What the task requires
Reproduce the data that follows character for character, but omit its pictures.

Recorded data

------------------------------------------------

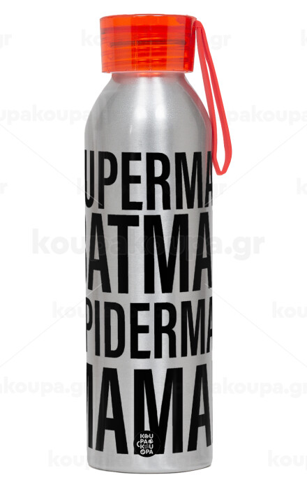 MAMAN, Aluminum Sports Bottle 650ml – Silver with Red Cap and Silicone Strap
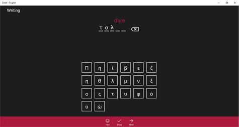 •English → Greek 99,000 words and phrases. •Greek → English 96,000 words and phrases. •English irregular verbs. •Test, flashcard, listen test, writing, dual game and more... •English ↔ Greek translator (online). You can translate text and listen. •2,400 phrases
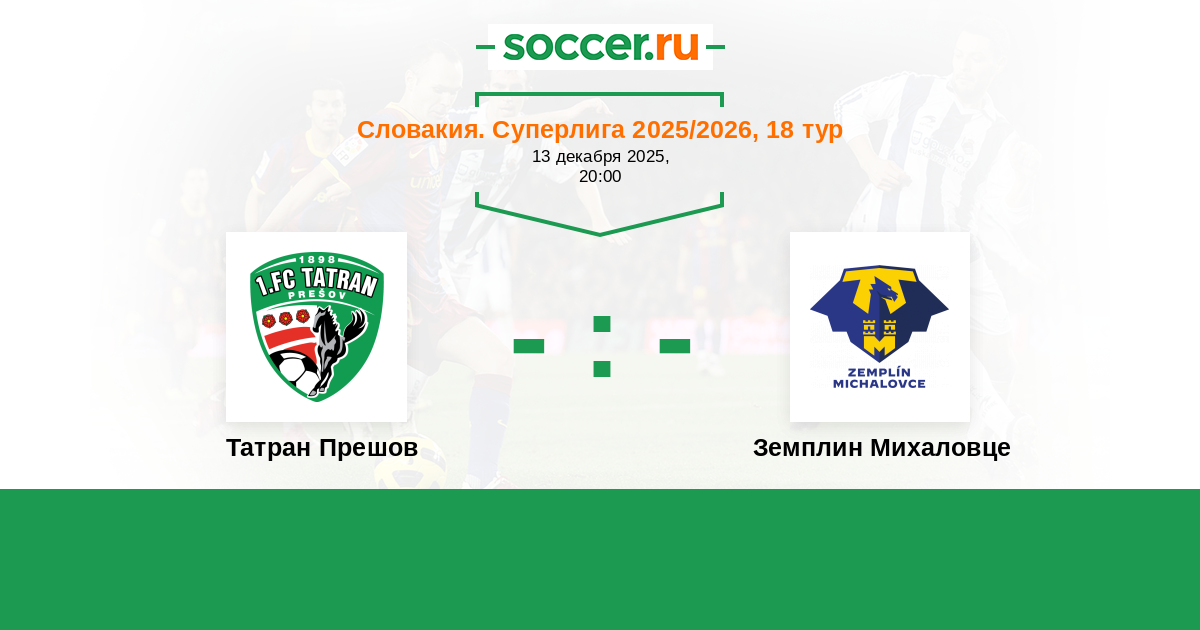 Татран Прешов - Земплин Михаловце: обзор матча 13 декабря 2025

------------------------------------------------

Output of the exercise
 MAMAN, Aluminum Sports Bottle 650ml – Silver with Red Cap and Silicone Strap
 •English → Greek 99,000 words and phrases. •Greek → English 96,000 words and phrases. •English irregular verbs. •Test, flashcard, listen test, writing, dual game and more... •English ↔ Greek translator (online). You can translate text and listen. •2,400 phrases
 Татран Прешов - Земплин Михаловце: обзор матча 13 декабря 2025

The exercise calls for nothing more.